TASK PROMPT: Could you repeat the entries below exactly, but only from the line with "Three quarter length" through the line with "Римская штора день-ночь", and without any picture?

DATA EXTRACTS:
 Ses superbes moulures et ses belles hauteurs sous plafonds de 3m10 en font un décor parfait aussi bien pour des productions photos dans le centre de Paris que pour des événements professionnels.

--

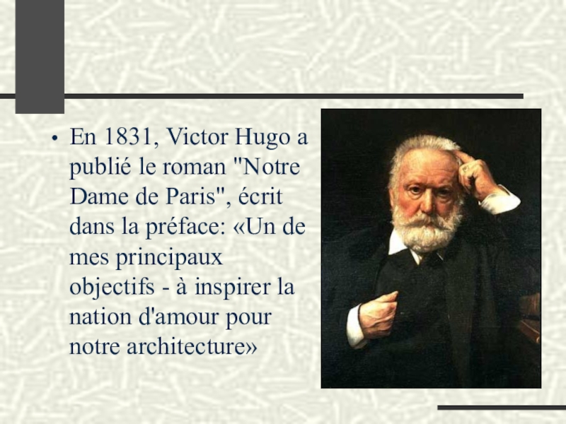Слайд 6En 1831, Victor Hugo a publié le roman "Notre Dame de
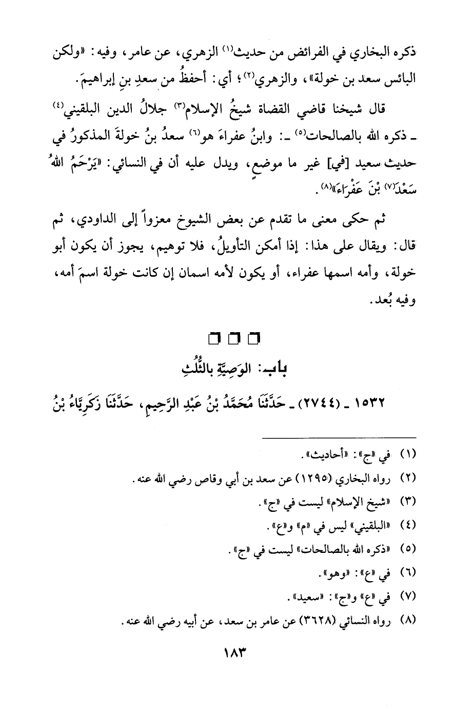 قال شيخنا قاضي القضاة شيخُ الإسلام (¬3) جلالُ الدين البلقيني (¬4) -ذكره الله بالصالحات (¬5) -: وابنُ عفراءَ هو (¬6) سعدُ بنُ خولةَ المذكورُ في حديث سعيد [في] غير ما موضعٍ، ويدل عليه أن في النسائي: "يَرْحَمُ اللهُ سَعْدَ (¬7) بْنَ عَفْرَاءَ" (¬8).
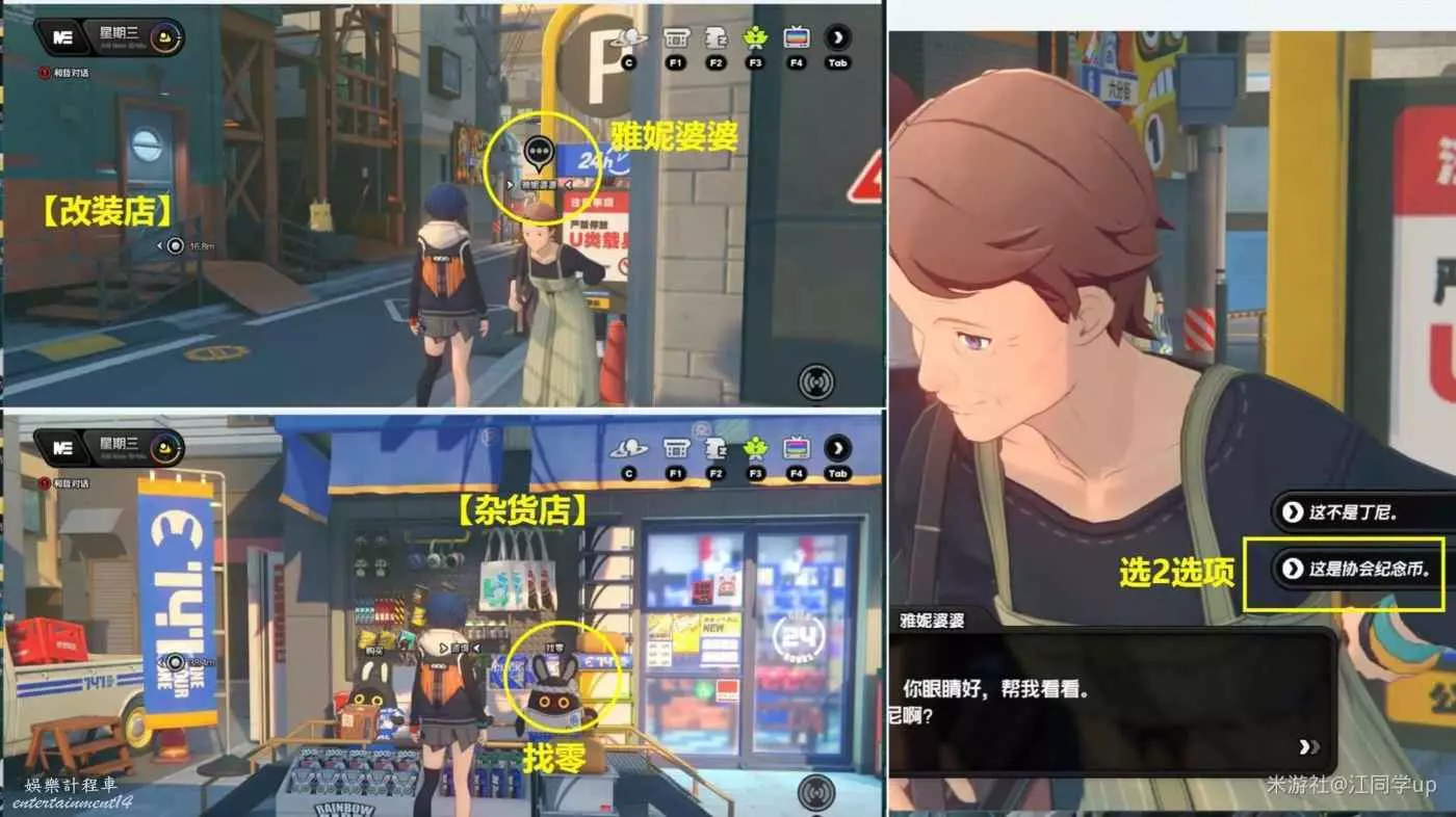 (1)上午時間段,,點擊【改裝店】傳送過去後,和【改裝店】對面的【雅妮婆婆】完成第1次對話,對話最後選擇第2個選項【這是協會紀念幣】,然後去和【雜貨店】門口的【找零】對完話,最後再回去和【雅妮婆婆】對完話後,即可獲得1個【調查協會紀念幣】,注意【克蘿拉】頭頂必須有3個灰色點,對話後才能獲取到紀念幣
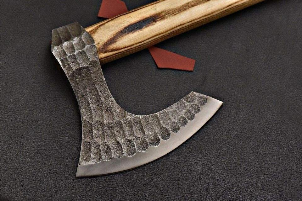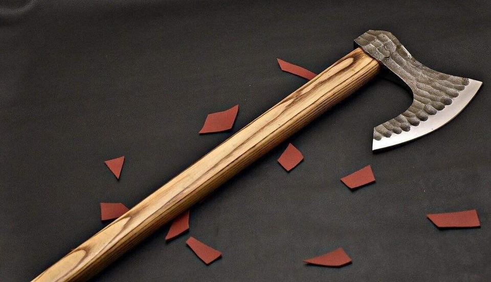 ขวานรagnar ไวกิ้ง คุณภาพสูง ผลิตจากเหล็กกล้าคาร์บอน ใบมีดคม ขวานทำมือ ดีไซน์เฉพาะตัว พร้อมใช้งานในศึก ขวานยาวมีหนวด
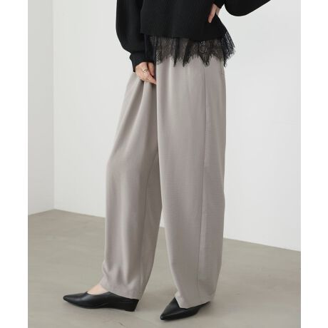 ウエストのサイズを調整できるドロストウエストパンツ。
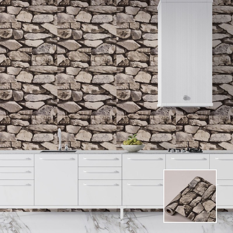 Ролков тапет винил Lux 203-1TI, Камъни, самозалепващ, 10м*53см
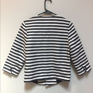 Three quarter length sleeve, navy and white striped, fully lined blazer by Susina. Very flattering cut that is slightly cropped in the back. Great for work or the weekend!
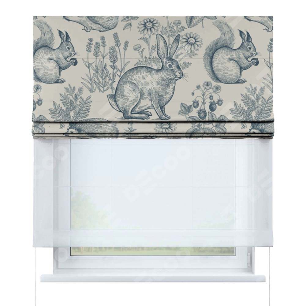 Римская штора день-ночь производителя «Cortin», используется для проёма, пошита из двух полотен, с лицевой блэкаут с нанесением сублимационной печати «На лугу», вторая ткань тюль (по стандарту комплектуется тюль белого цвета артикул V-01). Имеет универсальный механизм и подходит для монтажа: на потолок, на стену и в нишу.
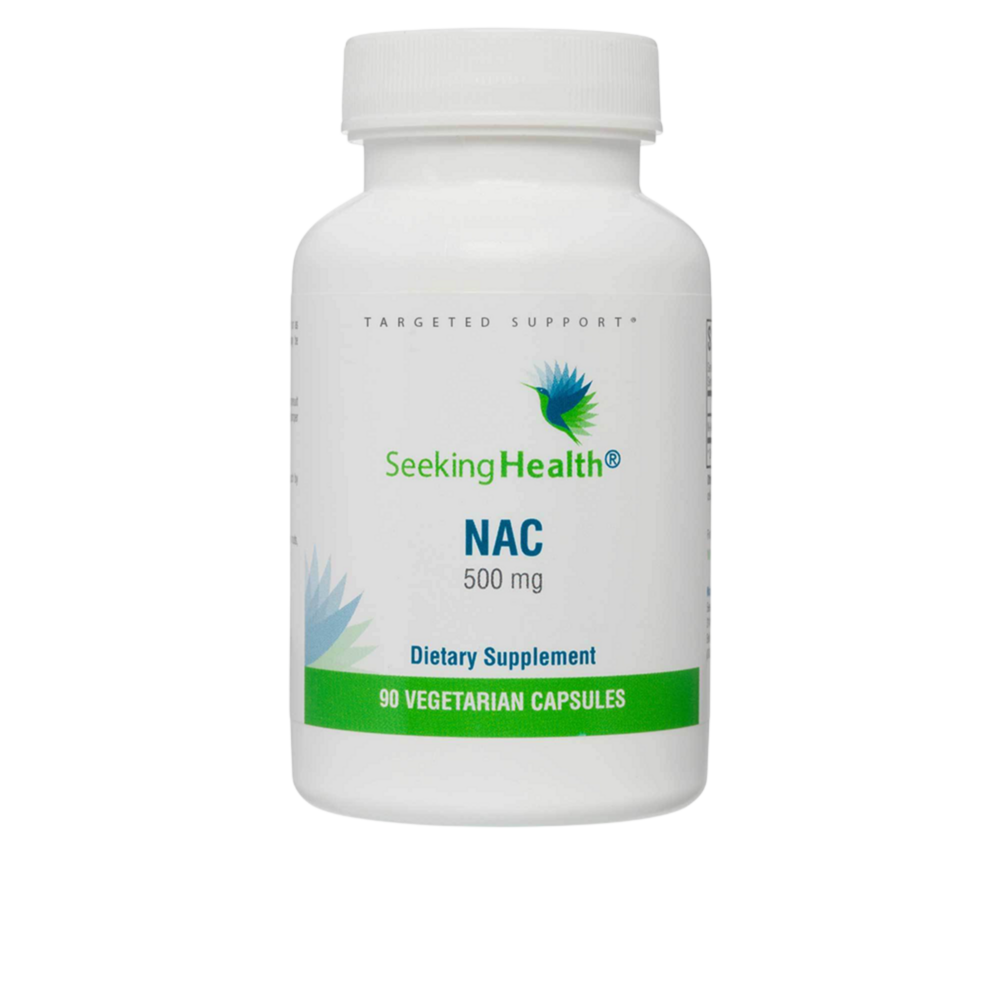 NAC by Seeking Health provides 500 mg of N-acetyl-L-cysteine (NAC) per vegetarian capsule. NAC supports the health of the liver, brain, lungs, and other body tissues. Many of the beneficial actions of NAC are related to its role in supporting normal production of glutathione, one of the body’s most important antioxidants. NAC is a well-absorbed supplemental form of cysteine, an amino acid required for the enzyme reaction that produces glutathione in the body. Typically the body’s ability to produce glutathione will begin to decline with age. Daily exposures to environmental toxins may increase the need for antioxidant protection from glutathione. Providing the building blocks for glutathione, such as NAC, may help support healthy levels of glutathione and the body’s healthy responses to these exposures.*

* * *

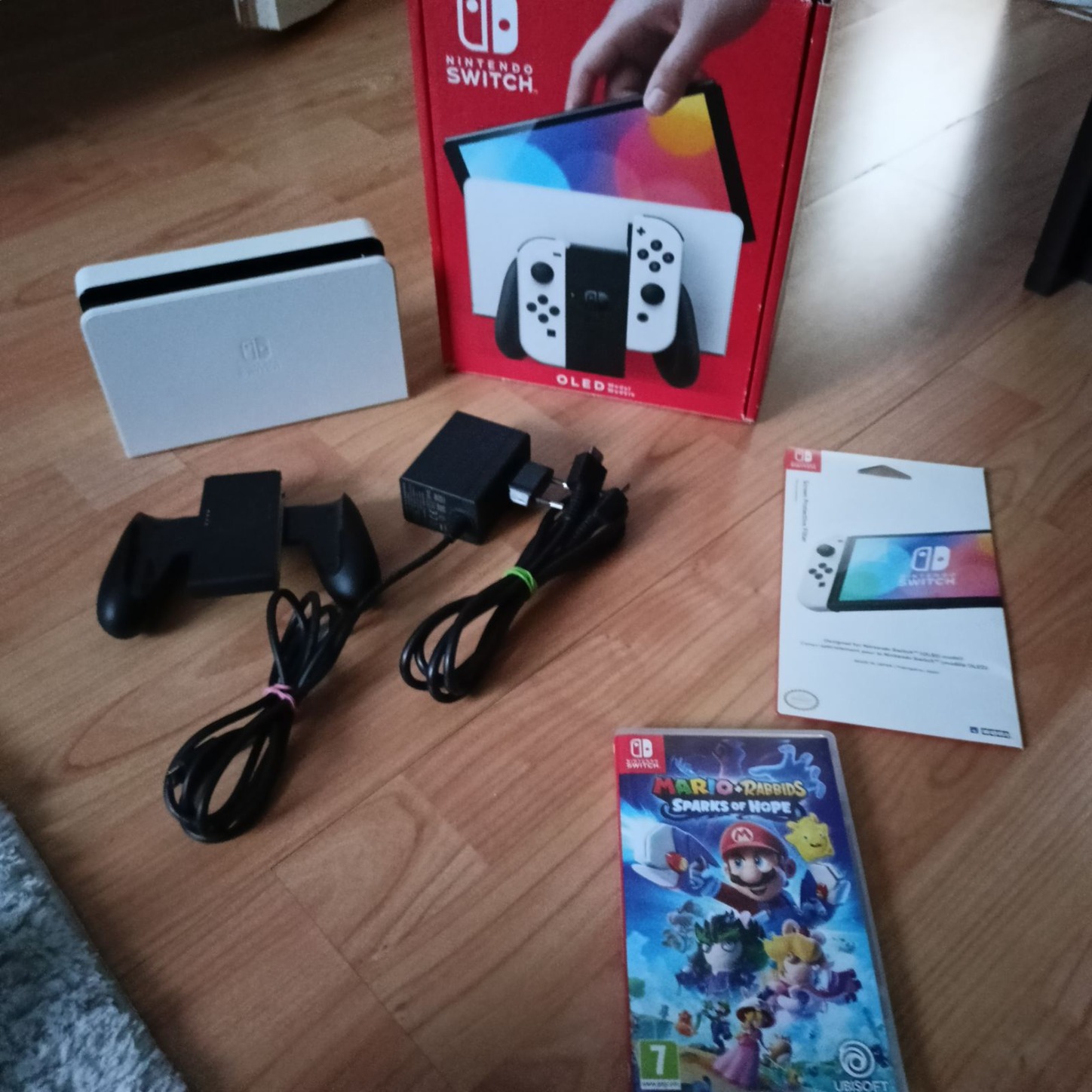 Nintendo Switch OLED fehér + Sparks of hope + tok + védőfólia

RESULT:
 Three quarter length sleeve, navy and white striped, fully lined blazer by Susina. Very flattering cut that is slightly cropped in the back. Great for work or the weekend!
 Римская штора день-ночь производителя «Cortin», используется для проёма, пошита из двух полотен, с лицевой блэкаут с нанесением сублимационной печати «На лугу», вторая ткань тюль (по стандарту комплектуется тюль белого цвета артикул V-01). Имеет универсальный механизм и подходит для монтажа: на потолок, на стену и в нишу.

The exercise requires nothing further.